**DATA EXTRACT**
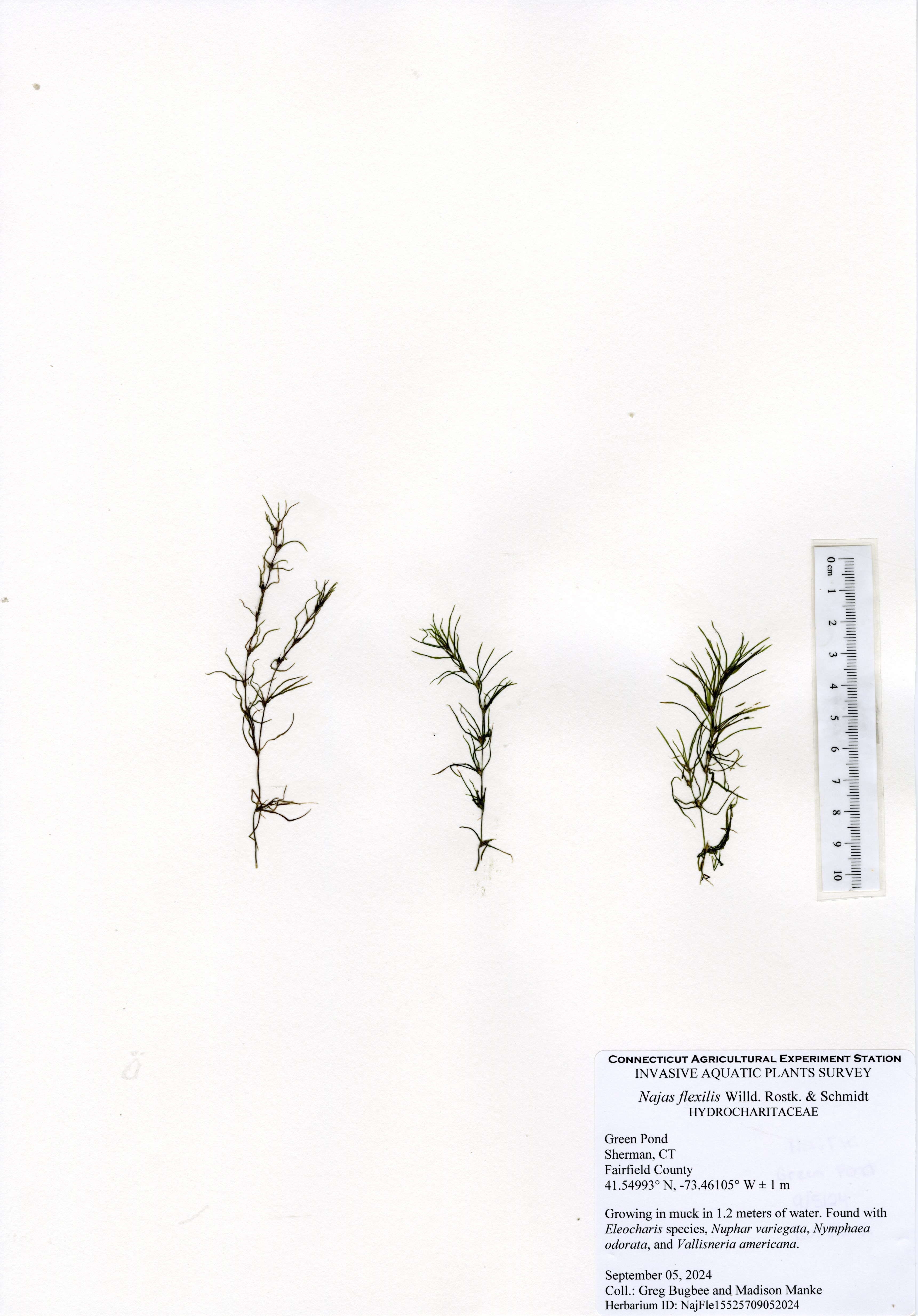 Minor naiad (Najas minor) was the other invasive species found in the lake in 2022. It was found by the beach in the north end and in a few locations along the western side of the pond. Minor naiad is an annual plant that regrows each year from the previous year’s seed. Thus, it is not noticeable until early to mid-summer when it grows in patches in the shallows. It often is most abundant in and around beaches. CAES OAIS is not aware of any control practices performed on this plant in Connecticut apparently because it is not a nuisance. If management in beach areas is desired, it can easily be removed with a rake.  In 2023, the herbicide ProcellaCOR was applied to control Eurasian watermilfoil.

--

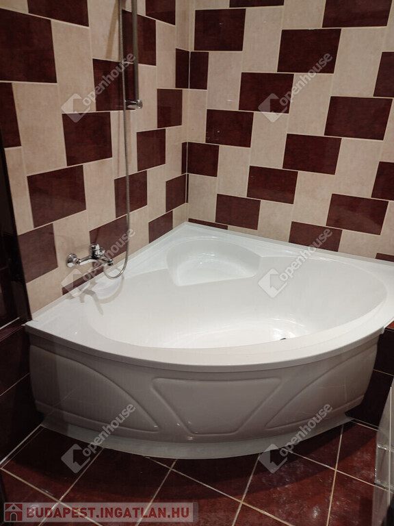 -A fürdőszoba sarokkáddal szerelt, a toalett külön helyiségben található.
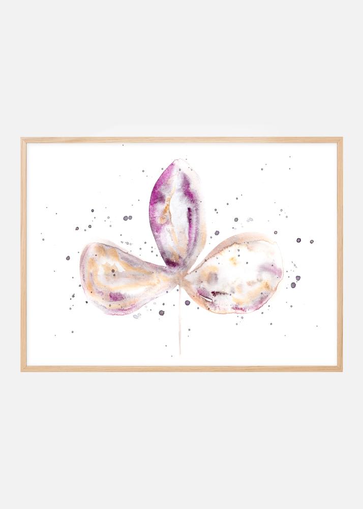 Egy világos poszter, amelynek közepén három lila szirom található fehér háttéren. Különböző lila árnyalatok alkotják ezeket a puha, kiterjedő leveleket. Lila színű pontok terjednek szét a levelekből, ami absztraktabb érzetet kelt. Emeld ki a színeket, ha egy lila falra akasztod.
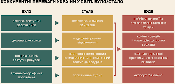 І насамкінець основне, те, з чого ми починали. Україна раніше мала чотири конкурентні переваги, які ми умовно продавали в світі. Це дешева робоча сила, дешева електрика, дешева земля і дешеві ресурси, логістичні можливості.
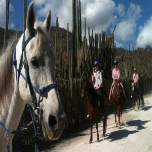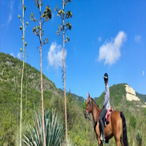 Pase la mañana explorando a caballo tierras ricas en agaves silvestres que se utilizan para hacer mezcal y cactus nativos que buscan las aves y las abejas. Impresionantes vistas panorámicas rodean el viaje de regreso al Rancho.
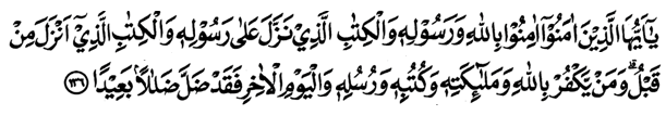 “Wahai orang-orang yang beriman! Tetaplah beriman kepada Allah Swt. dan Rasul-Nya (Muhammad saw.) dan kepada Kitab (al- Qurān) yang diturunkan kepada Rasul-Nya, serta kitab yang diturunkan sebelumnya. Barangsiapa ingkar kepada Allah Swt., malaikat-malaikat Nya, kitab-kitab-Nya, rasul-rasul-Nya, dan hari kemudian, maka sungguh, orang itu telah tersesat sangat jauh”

**ASSIGNMENT**
Transcribe the lines above exactly, beginning at the one with "І насамкінець основне, те, з" and ending at the one with "orang-orang yang beriman!". Include both; exclude the pictures.

**EXPECTED OUTPUT**
 І насамкінець основне, те, з чого ми починали. Україна раніше мала чотири конкурентні переваги, які ми умовно продавали в світі. Це дешева робоча сила, дешева електрика, дешева земля і дешеві ресурси, логістичні можливості.
 Pase la mañana explorando a caballo tierras ricas en agaves silvestres que se utilizan para hacer mezcal y cactus nativos que buscan las aves y las abejas. Impresionantes vistas panorámicas rodean el viaje de regreso al Rancho.
 “Wahai orang-orang yang beriman! Tetaplah beriman kepada Allah Swt. dan Rasul-Nya (Muhammad saw.) dan kepada Kitab (al- Qurān) yang diturunkan kepada Rasul-Nya, serta kitab yang diturunkan sebelumnya. Barangsiapa ingkar kepada Allah Swt., malaikat-malaikat Nya, kitab-kitab-Nya, rasul-rasul-Nya, dan hari kemudian, maka sungguh, orang itu telah tersesat sangat jauh”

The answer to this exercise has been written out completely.